On the positive side, B. Martin said that small and mid-sized pharmaceutical companies have stepped in to fill the void in neuroscience drug development, and even some larger companies are returning. In 2018, he said, venture capital invested $1.5 billion into neuroscience drug development, which was second only to their investments in oncology.

Learning from past mistakes will not be enough to advance the field, said B. Martin.¹ Rather, the field will need to embrace new technologies that facilitate a shift from categorical descriptions of disease based solely on clinical features to biologically defined patient populations based on neuropathophysiological understanding, he said. This will require multimodal data from clinical, biological, and genetic studies, as well as new methodological frameworks and approaches to analyze and interpret these data to create novel insights. He added that at every stage of disease, biomarkers are instrumental in unraveling disease complexity and heterogeneity.

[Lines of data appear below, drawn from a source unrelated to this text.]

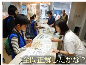
全問正解したかな？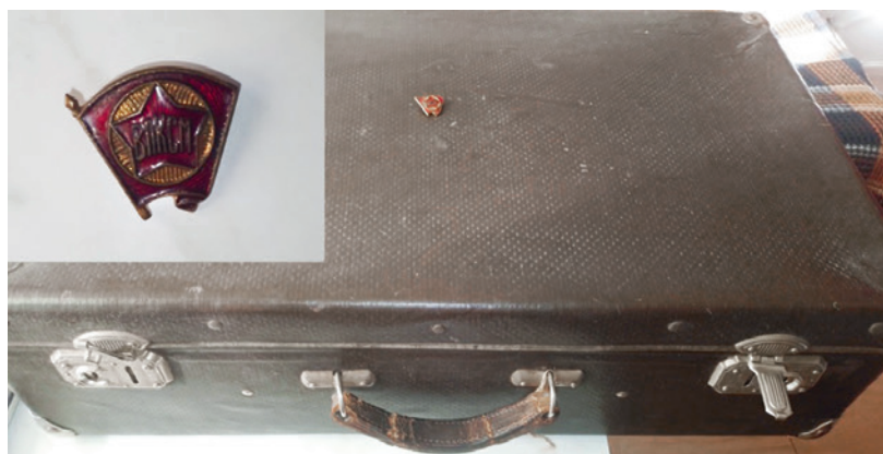
Рис. 6 – Легендарный чемодан и крупным планом на врезке комсомольский значок Ю. И. Визбора.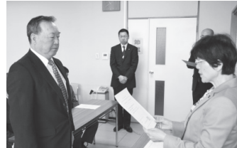
原瀬教育長から辞令を交付される公民館長・分館長の皆さん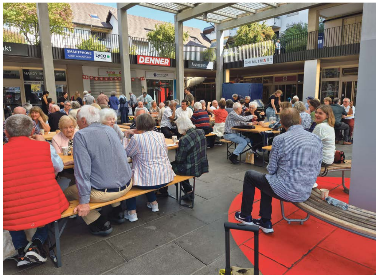
Festwirtschaft im Chimlimärt nach dem ökumenischen Betttagsgottesdienst im Chimlisaal.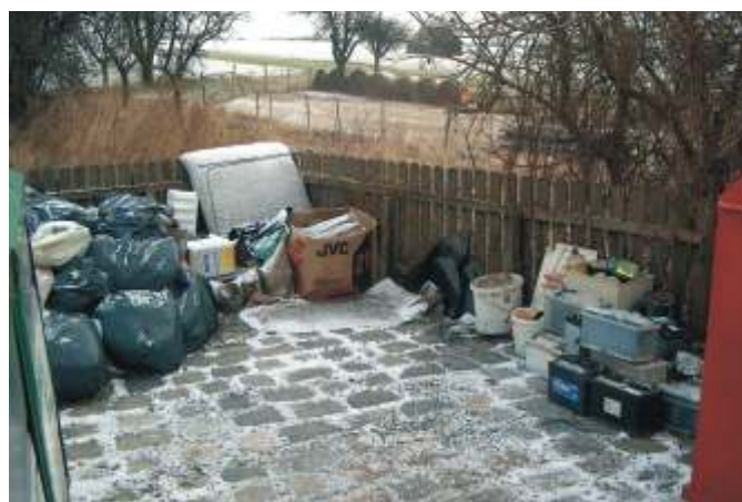
Sammelstelle in Putzing (Vereinhaus)

Die nachstehend abgebildete Müllinsel in Putzing hinter dem Vereinhaus, ist ein Beispiel für die schlechte Entsorgungsmoral. Videoüberwachungen werden verstärkt durchgeführt, erste Anzeigen laufen.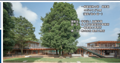
一般建築物の部 顕著賞 のぶのぶ賞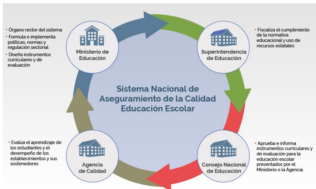
Imagen 1 - Institucionalidad del Sistema Educativo Chileno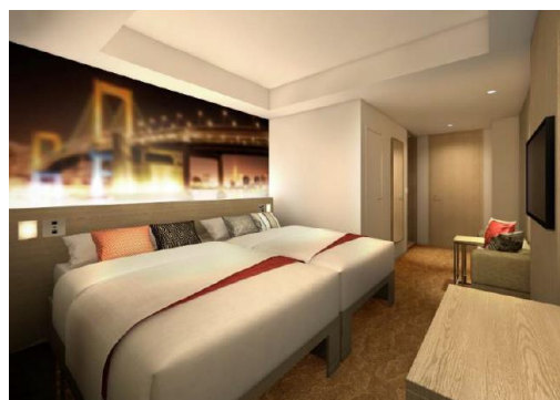
ベッド下にスーツケースが収納可能なハリウッドツイン（約20㎡）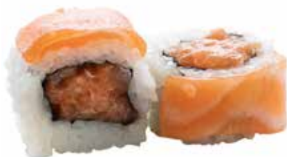
65 · JINO ROLL € 13,00 🌶️ Roll di riso farcito con tartare di salmone, guarnito con fettine di salmone, salsa teriyaki e tobiko* allergeni: 1-3-4-6-10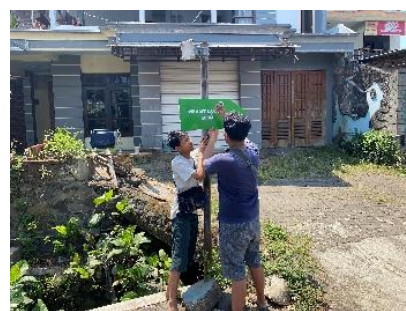
Gambar 4. Proses Pemasangan Plang Arah 500m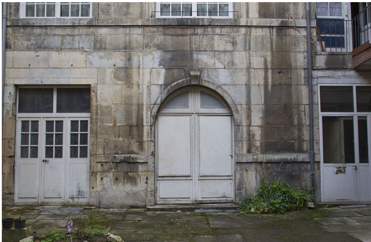
Logis secondaire en fond de cour : détail du rez-de-chaussée.

25, Besançon, 16 rue des Granges, lieudit : îlot Bouteiller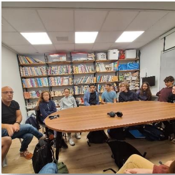
תחילת פעילות מועצת התלמידים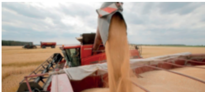
Colheita de trigo perto da vila de Krasne, na Ucrânia.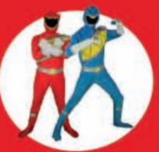
Show Case Power Ranger 16 Diciembre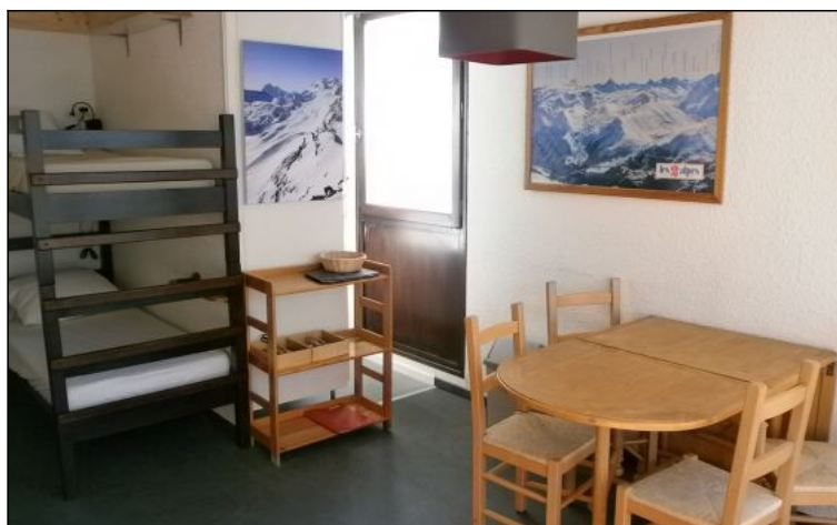
Studio - T1 - Les deux alpes (réf. LOC-330078)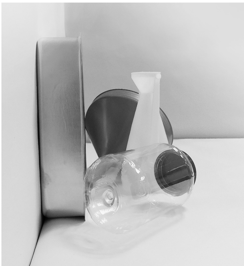
τέταρτη φωτογραφία: πλάγια όψη 2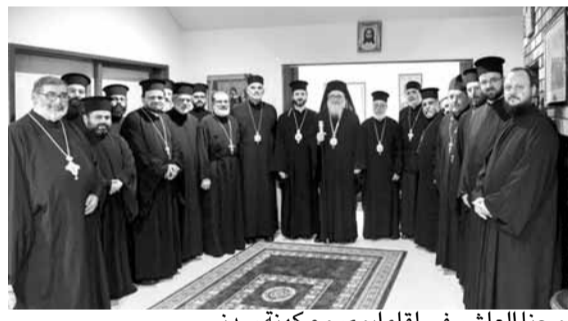
يوحنا العاشر في لقاء ابوي مع كهنة سديني

استهل بطريرك انطاكية وسائر المشرق للروم الارثوذكس يوحنا العاشر أولى مسحطات زيارته التاريخية الرعوية إلى أستراليا بقاء أبوي عقده مع كهنة سديني في دار المطرانية، في حضور المترولوجيت باسيليوس قدسية المطران الجديد على أبرشية أستراليا ونيوزيلندا والقيبيين، والوفد الكنسي المرافق والكهنة البالغ عددهم ١٥ كاهنا يخدمون في رعيا سديني. أشار يوحنا العاشر إلى أن «مسؤولية الكهنة اليوم هي مسؤولية كبيرة، لا سيما أن أبناء كرسينا الانطاكي باتوا قاطنين في كل أنحاء العالم يمدون جسر الروابط ما بين الشرق والغرب، وبالتالي فإن مسؤولية الكاهن اليوم هي مسؤولية تقضي بالعمل على تحفيز أبناء الكنيسة بتسكهم بقيمتهم وتعاليمهم وتقاليدهم الكنسية من أجل ان تبقى الكنيسة الانطاكية الصوت المدوي في كل اصقاع العالم». كما تطرق الى الأوضاع السائدة في المنطقة ولا سيما الى ملف الهجرة الدامي، مؤكداً أن «تزييف الهجرة هو تزييف قاس لكن ما يميزنا ان أبناء الكنيسة وبالرغم من كل تهجير وقساوة الايام، ما زالوا يبحثون عن كنيسة، يبحثون عن المنجى الدافء والحنن السلامي الذي يعطيهم الأمان والسلام الخلاصي»، لافتاً الى أن «أبناء الكنيسة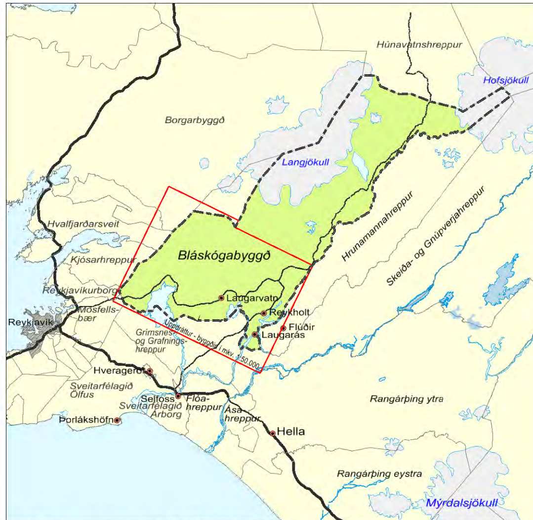
Yfirlitsmynd af Bláskógabyggð í mkv. 1:1.000.000.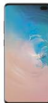
SAMSUNG Galaxy S10+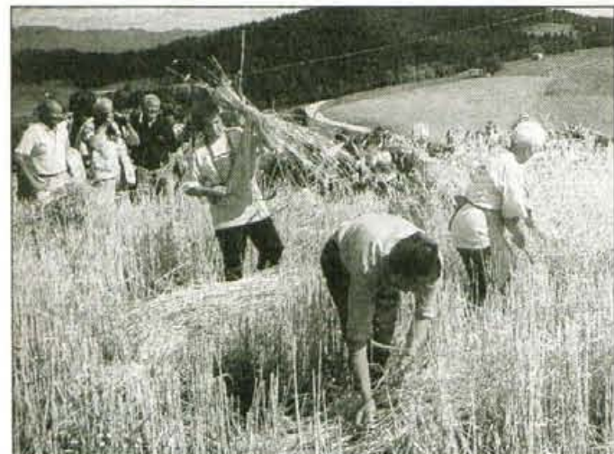
Rž so poželi še pred točo.

Žirovski vrh, 1. avgusta - Tudi tretja etnografska prireditev Praznik žetve na Žirovskem vrhu, ki vsakič poteka na kmetiji na Javorču, je minulo nedeljo popoldne privabila številne obiskovalce. Laična ocena je bila, da se na Javorču zbere vsako leto več ljudi, kar potrjuje, da so take prireditve zanimive in dobrodošle. Prikaz tradicionalnih kmečkih opravil namreč ni privabil le okoliških ljudi, ampak so se v Poljansko dolino pripeljali tudi številni, lahko bi rekli - mestni ljudje.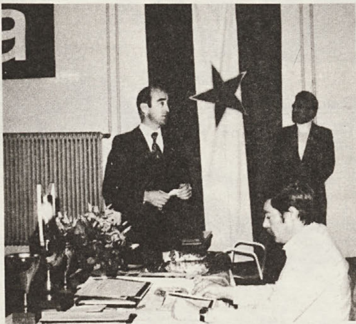
II. MEMORIAL IVANA KOČEVARJA – december 1980.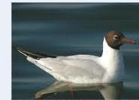
Lachmöwe ( Larus ridibundus , engl. Black-headed Gull), Brutvogel, ganzjährig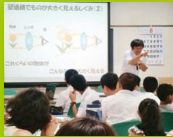
【ステップ1】 土曜ジュニアセミナー(物理)

操作できることが特長です。本講義では、色々な方式のタッチパネルの動作原理についてお話しします。さらに、未来のタッチパネルとして、柔らかいタッチパネル、様々な触感がするタッチパネル、触らないタッチパネル(?)などを紹介し、人間とコンピュータをつなぐインターフェースのあり方について考えます。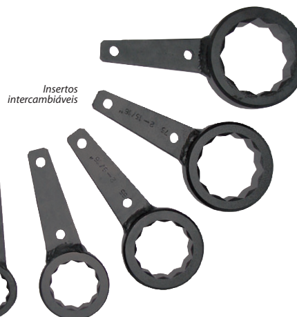
TABELA DE SELEÇÃO DOS INSERTOS INTERCAMBIÁVEIS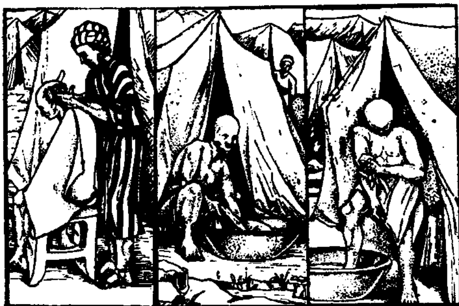
Opětné užití břitvy a vody (3. Moj. 14, 9)

Vlasy hlavy snad mluví o přirozené inteligenci, vous o zkušenosti, obočí o schopnosti pozorovat. Tak intelligence, zkušenost i kterákoliv jiná schopnost, vše má být přizpůsobeno Kristu a Jeho smrti.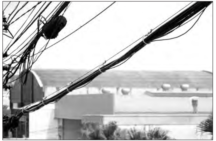
6. Vista da rede aérea organizada com OCRA.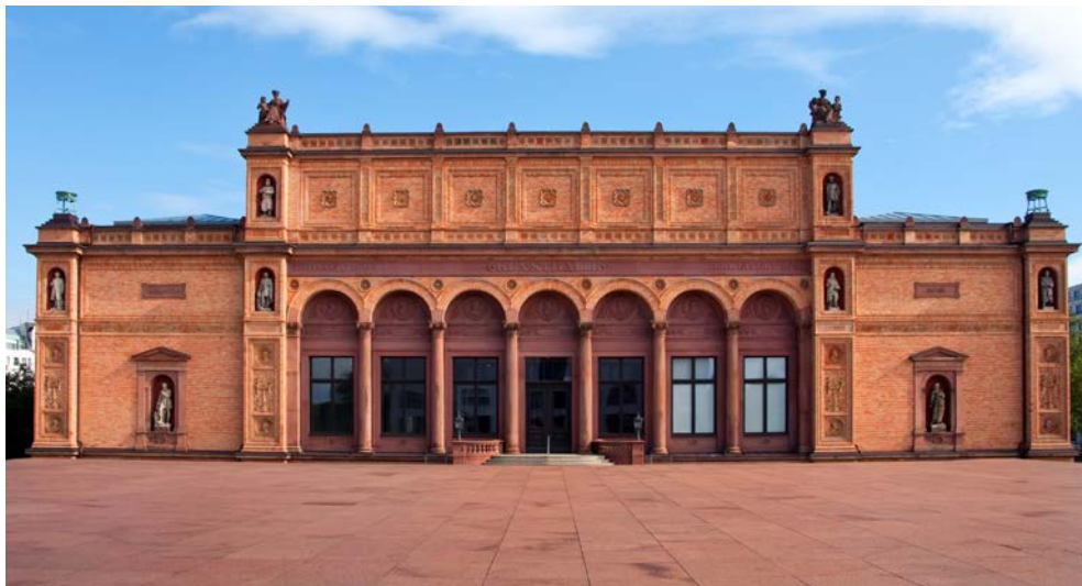
Die Hamburger Kunsthalle

Alten Meister bis in die Gegenwart, steht die Frage nach der Definition und Dehnbarkeit des Begriffs „Illusion“ und damit einhergehend eine neue Bewertung der illusionistischen Malerei, die von der Realität nicht mehr zu unterscheiden ist. Angesichts der Macht illusionistischer Bilder wirft die Ausstellung vor dem Hintergrund von Fake News und künstlicher Intelligenz auch ein Schlaglicht auf unsere Gesellschaft im 21. Jahrhundert. Sie haben genügend Zeit, sich in aller Ruhe umzuschauen oder einen Mittagsimbiss einzunehmen, denn das Hotel liegt fußläufig entfernt.

For example, to advance therapeutic development for Alzheimer’s disease, B. Martin cited five components of the diagnostic pathway—(1) clinical concept, (2) pathological hallmarks, (3) genetics, (4) biomarkers, and (5) new technologies—that need to evolve iteratively to yield greater biologically based insight into the disease. Each aspect is improved on by the other components, and each refinement brings the field closer to a deeper understanding of the disease, better frameworks for research and development, and improved treatment paradigms where the promise of the right medicine for the right patient at the right time can be realized, said B. Martin. Basing therapeutics on novel mechanisms closely linked to the underlying pathophysiology of the disease, he said, may provide remission or even prevention of disease.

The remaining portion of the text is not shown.